## Excerpted data
━━━
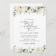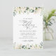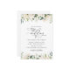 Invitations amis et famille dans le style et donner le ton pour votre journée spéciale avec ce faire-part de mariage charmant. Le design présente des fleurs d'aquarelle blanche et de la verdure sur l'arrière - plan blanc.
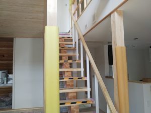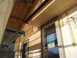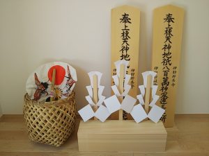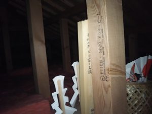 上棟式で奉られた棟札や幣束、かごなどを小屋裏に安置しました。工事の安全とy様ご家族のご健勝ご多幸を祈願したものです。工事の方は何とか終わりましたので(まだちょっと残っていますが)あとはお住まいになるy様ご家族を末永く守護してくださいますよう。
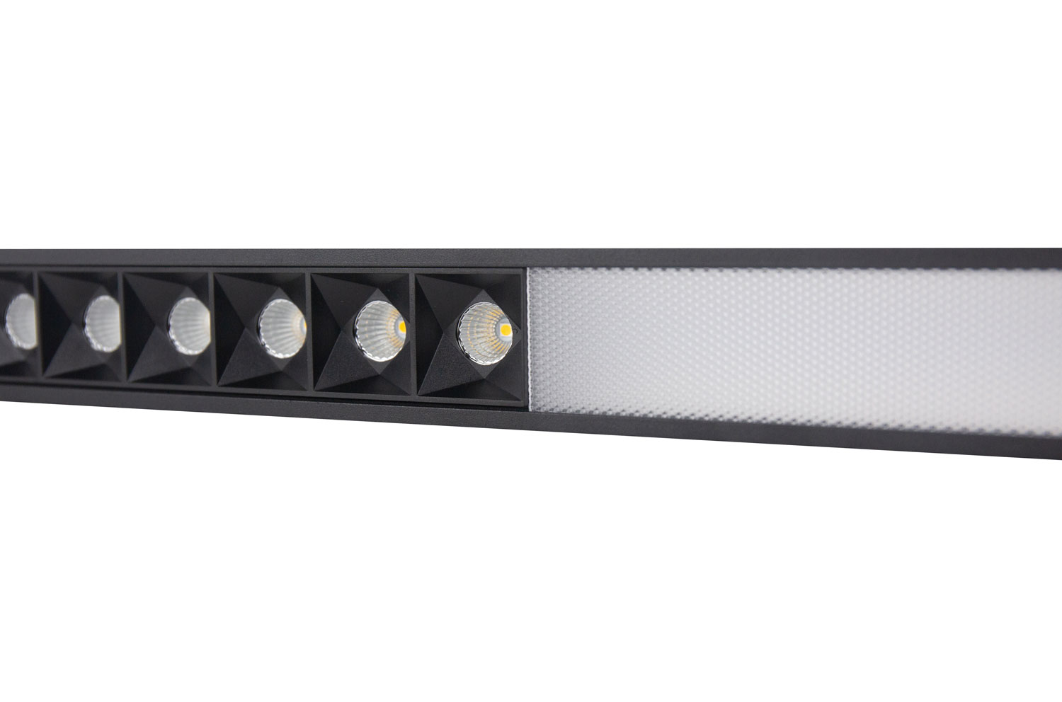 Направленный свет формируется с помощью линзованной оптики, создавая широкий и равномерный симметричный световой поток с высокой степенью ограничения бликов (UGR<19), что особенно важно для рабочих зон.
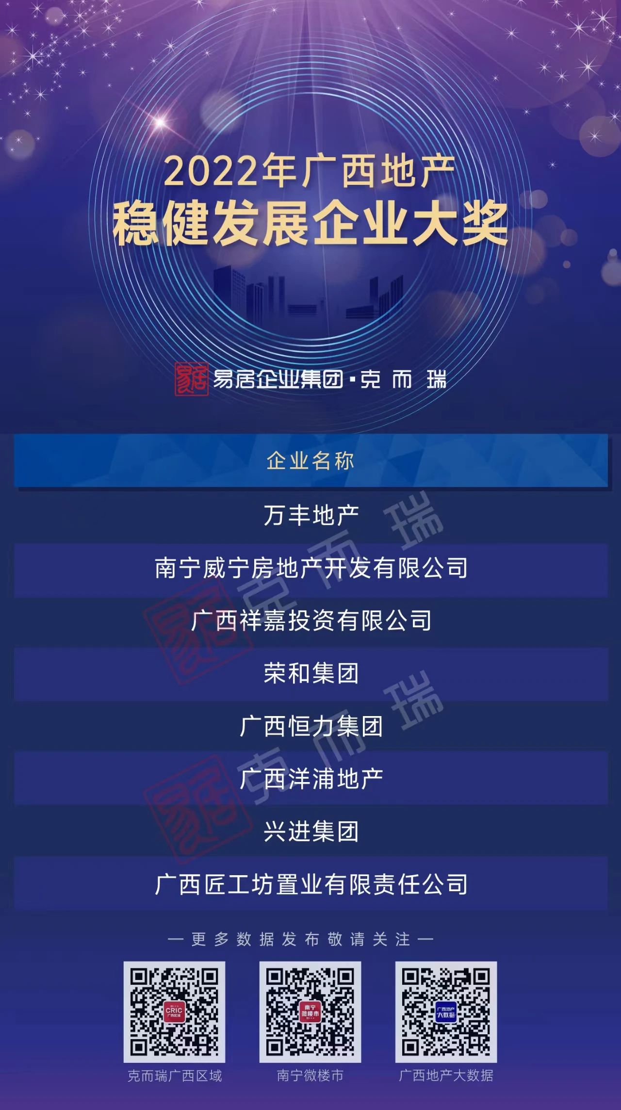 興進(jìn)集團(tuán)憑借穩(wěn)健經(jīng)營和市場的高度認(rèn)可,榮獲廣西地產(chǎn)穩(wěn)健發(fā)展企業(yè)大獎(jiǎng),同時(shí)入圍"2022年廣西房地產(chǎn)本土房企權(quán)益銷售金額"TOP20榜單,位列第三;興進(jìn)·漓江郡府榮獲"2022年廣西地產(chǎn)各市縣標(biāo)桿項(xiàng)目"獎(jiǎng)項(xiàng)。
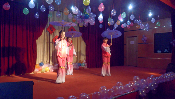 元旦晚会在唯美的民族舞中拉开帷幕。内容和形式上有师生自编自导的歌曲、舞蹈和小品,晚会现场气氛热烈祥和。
━━━
## Required action
Copy out nothing but the lines from the beginning of the records through the one that contains "Направленный свет формируется". Skip the pictures.

## Output of the task
 Invitations amis et famille dans le style et donner le ton pour votre journée spéciale avec ce faire-part de mariage charmant. Le design présente des fleurs d'aquarelle blanche et de la verdure sur l'arrière - plan blanc.
 上棟式で奉られた棟札や幣束、かごなどを小屋裏に安置しました。工事の安全とy様ご家族のご健勝ご多幸を祈願したものです。工事の方は何とか終わりましたので(まだちょっと残っていますが)あとはお住まいになるy様ご家族を末永く守護してくださいますよう。
 Направленный свет формируется с помощью линзованной оптики, создавая широкий и равномерный симметричный световой поток с высокой степенью ограничения бликов (UGR<19), что особенно важно для рабочих зон.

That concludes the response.